Introduction

This is very simple and tutorial post for doing Machine Learning in Groovy. This post covers the clustering algorithms such as,

DBSCAN - Density-Based Spatial Clustering of Applications with Noise
KMean++
FuzzyKMean
Multi-KMean++

These algorithms differs in their motivation and working methodology. The simple and best summary of these algorithms discussed in Math3 Java Documentation.

View the Document here.

Libraries

Apache Math3 for Machine Learning.
JFree Chart for Visualization.

Steps

The source code also shared in GitHub, you can find it in above shared link. Here Again I am sharing with some explanation,

Source Code

class ClusterWork
{
    List<DoublePoint> points = new ArrayList<DoublePoint>()
    Map<DoublePoint, List<String>> pointMap = [:]
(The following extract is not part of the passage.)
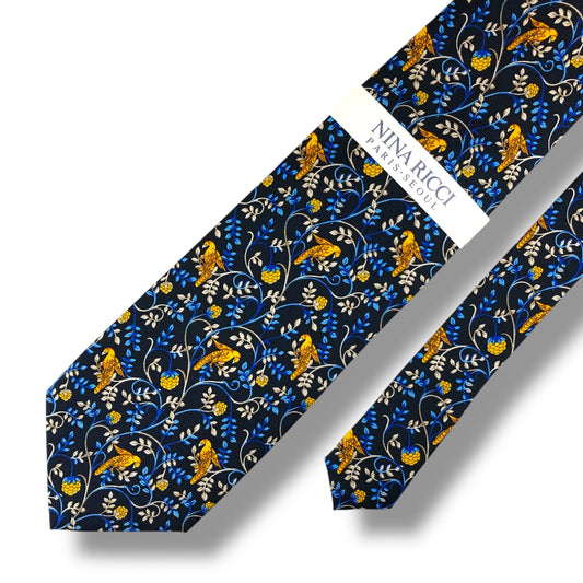 【7633】未使用保管品 ニナリッチ ネクタイ ブルー系 鳥柄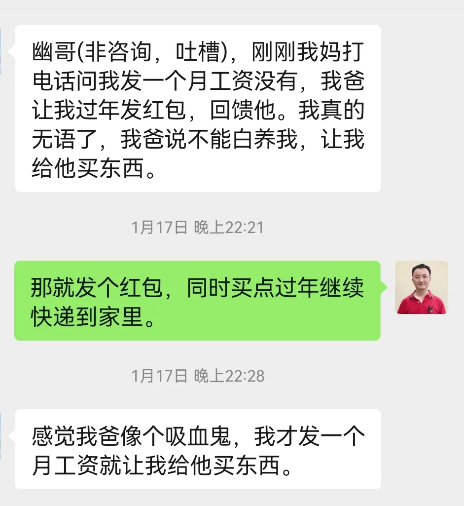 上圖這位本科女孩,畢業後考公耽擱了下,這才拿了1個月工資,家裡就來要錢了。過年不想回老家?沒問題,錢和物要到位。

    ClusterWork(Map table)
    {
        table.each{ k,v ->
            DoublePoint dArr = new DoublePoint(v)
            points.add(dArr)
            if (!(dArr in pointMap.keySet()))
                pointMap[dArr] = []
            pointMap[dArr].add(k)
        }
    }
    List<ClusterDetail> dbscan (double d, int i)
    {
        DBSCANClusterer DBScan = new DBSCANClusterer(d, i)
        collectDetails DBScan.cluster(this.points)
    }
    List<ClusterDetail> fuzzykmean (int k, double fuzziness)
    {
        FuzzyKMeansClusterer fKMean = new FuzzyKMeansClusterer(k, fuzziness)
        collectDetails fKMean.cluster(this.points)
    }
    List<ClusterDetail> multiplekmean (int k, int trials)
    {
        MultiKMeansPlusPlusClusterer mkppc = new MultiKMeansPlusPlusClusterer(new KMeansPlusPlusClusterer(k), trials)
        collectDetails mkppc.cluster(this.points)
    }

    List<ClusterDetail> kmean (int k)
    {
        KMeansPlusPlusClusterer kMean = new KMeansPlusPlusClusterer(k)
        collectDetails kMean.cluster(this.points)
    }
    private List<ClusterDetail> collectDetails(def clusters)
    {
        List<ClusterDetail> ret = []
        clusters.eachWithIndex{ c, ci ->
            c.getPoints().each { pnt ->
                DoublePoint pt = pnt as DoublePoint
                ret.add new ClusterDetail (ci + 1 as Integer, pt, this.pointMap[pt])
            }
        }
        ret
    }
}
class ClusterDetail
{
    int cluster
    DoublePoint point
    List<String> labels
    ClusterDetail(int no, DoublePoint pt, List<String> labs)
    {
        cluster = no; point= pt; labels = labs
    }
}

Run Algorithm

Running algorithm has multiple steps like showing below,

Step 1. Import all required
Step 2. Read a csv file for input data
Step 3. Converting it into required data type (Here as Map)
Step 4. Construct the source code class
Step 5. Run all algorithms above listed

Step 1 :

@Grab('com.xlson.groovycsv:groovycsv:1.1')
@Grab(group='org.apache.commons', module='commons-math3', version='3.6.1')
import org.apache.commons.math3.ml.clustering.DBSCANClusterer
import org.apache.commons.math3.ml.clustering.DoublePoint
import org.apache.commons.math3.ml.clustering.FuzzyKMeansClusterer
import org.apache.commons.math3.ml.clustering.KMeansPlusPlusClusterer
import org.apache.commons.math3.ml.clustering.MultiKMeansPlusPlusClusterer
import static com.xlson.groovycsv.CsvParser.parseCsv
// All imported

Step 2 :

//Read the csv input data
df = new FileReader('data.csv')

Step 3 :

Map<String, double[]> dfMap = [:]
for (line in parseCsv (df))
{
    double [] point= [line.temp.toDouble(), line.humidity.toDouble()]
    dfMap[line.city] = point
}
// Map dfMap formed.

Step 4 :

// Construct the cluster work using our Map
ClusterWork clusterWork = new ClusterWork (dfMap)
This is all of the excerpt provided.